William Polushin is founding director of the Program for International Competitiveness at the Desautels Faculty of Management, McGill University, and President of AMAXIS, an international business and operational development services firm. The Competing to Win blog series can be found here.





The announcement of the Canada-U.S. perimeter security and economic competitiveness agreement represents a positive step forward in improving the efficiency of Canada-U.S. trade. For Canada: The Trading Nation, that's good news. For Canada: A Nation of Traders, the jury is still out. Lost in the excitement is a stark reality -- we now operate in a 'Made in the World' model, something that is still very much a work in progress in Canada.



As previously indicated in the Competing to Win blog, the path to profits in an increasingly integrated and competitive global economy is complex. It is by no means business as usual. While enhanced border co-operation and the reduction of regulatory barriers should result in significant savings for Canadian and U.S. enterprises engaged in cross-border trade (Canadian Manufacturers & Exporters estimates that Canadian companies could save between $15-billion and $30-billion annually), these same enterprises must still contend with considerable and growing competition from around the world.



This means our companies must not only determine how to best leverage the Canada-U.S. trade and investment environment to create competitive advantage, they must also determine how to structure their operations. From design design to production to marketing to distribution, companies must optimize the use of human, capital, and natural resources -- internal and external to the enterprise -- in Canada and internationally (including the U.S.). This is the essence of a global value chain, which describes the full range of activities undertaken to bring a product or service from its conception to its end use and how these activities are distributed over geographic space and across international borders. 1



In Canada: A Nation of Traders, our Canadian enterprise will be headquartered in Canada, but it may carry out research and development in the U.S, source raw materials from Brazil, assemble in and distribute from China, and maintain call centre support from India. The choice of where specific activities are located is a function of the value (i.e. return on assets) and strategic benefit (i.e. strengthening of the competitive position of the enterprise in its industry).

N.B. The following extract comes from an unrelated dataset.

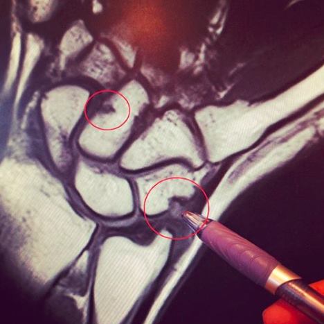 It turns out I have bone-bruising in two of the bones in my right wrist; this is
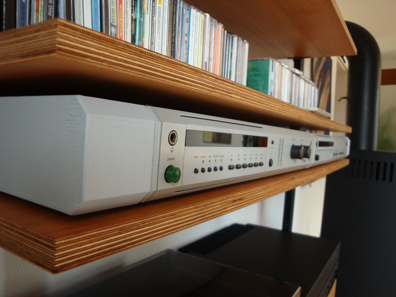 anlässlich meines Umzugs im April dieses Jahres habe ich endlich vom Schreiner meines Vertrauens die zur Breite und Tiefe der studioline-Geräte passenden Holzelemente für mein Spannstützenregal anfertigen lassen. Das Material ist Birke Multiplex 18 mm, Deckfurnier Buche (A/B-Qualität), Oberfläche geölt.

International consumer demand, lower applied tariffs and trade policy incentives, development of infrastructure and technological progress around the world, the creation of export processing zones in emerging markets, outsourcing and offshoring strategies, and foreign direct investment (FDI) flows 2 have all been contributing factors to the creation of these global production chains; and despite the current economic stress that is being felt in the European Union and, to a lesser extent, the U.S., they will continue to represent a key element in competitive strategy and international business in the global economy.



A look at the production dynamics of the Boeing 787 Dreamliner illustrates this point.





In this case, final assembly of the aircraft takes place in the United States, but production of the Dreamliner's various parts is shared amongst manufacturers in seven different countries (including the U.S.).



Based on the results of the Survey of Innovation and Business Strategy (a joint initiative of Industry Canada, DFAIT, and Statistics Canada)*, between 2007 and 2009, only 1.9 per cent of all enterprises located in Canada (including foreign companies) and 5.2 per cent of manufacturers conducted business activities offshore. For this same period, a similar proportion of companies - 1.8 per cent of total enterprises and 5 per cent of manufacturers - moved (inshored) business activities into Canada.







So while our politicians, pundits, and business analysts extol the benefits of the Canada-U.S. perimeter agreement, remember this: The game is now global.



Author's note: For my next two blogs, I will be sharing my insights from the streets of New Delhi and Kolkata. While India is an increasingly important economic and political partner to Canada, our bilateral trade and investment relationship with the subcontinent has considerable room for growth still.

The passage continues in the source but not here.